What to work on:
Copy exactly, beginning with the line holding "Students display their decorated siddurim." and ending with the final line of the data beneath this task; copy nothing else, and leave out every picture.

──────── Data shown

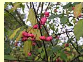
Spindleberry ( Euonymus europaeus ) click to enlarge

Most people who came to "Our Plan, Our Day" showed interest in the natural environment of the Parish.
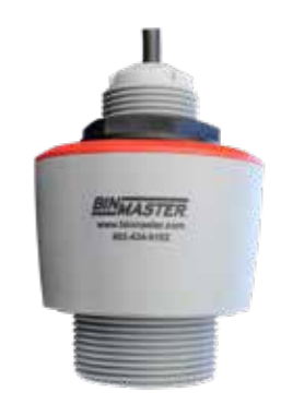
CNCR-120 Compact Non-Contact Radar

Frequency: 80 GHz Beam Angle: 8° (4° for 190)
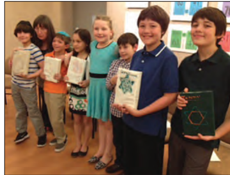
Students display their decorated siddurim.
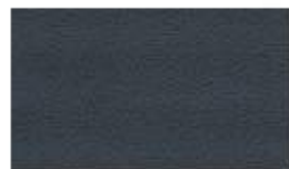
STUDIO ENCORE NAVY
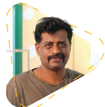
Jeo Baby Filmmaker

────────────────

Exercise solution:
Students display their decorated siddurim.
STUDIO ENCORE NAVY
Jeo Baby Filmmaker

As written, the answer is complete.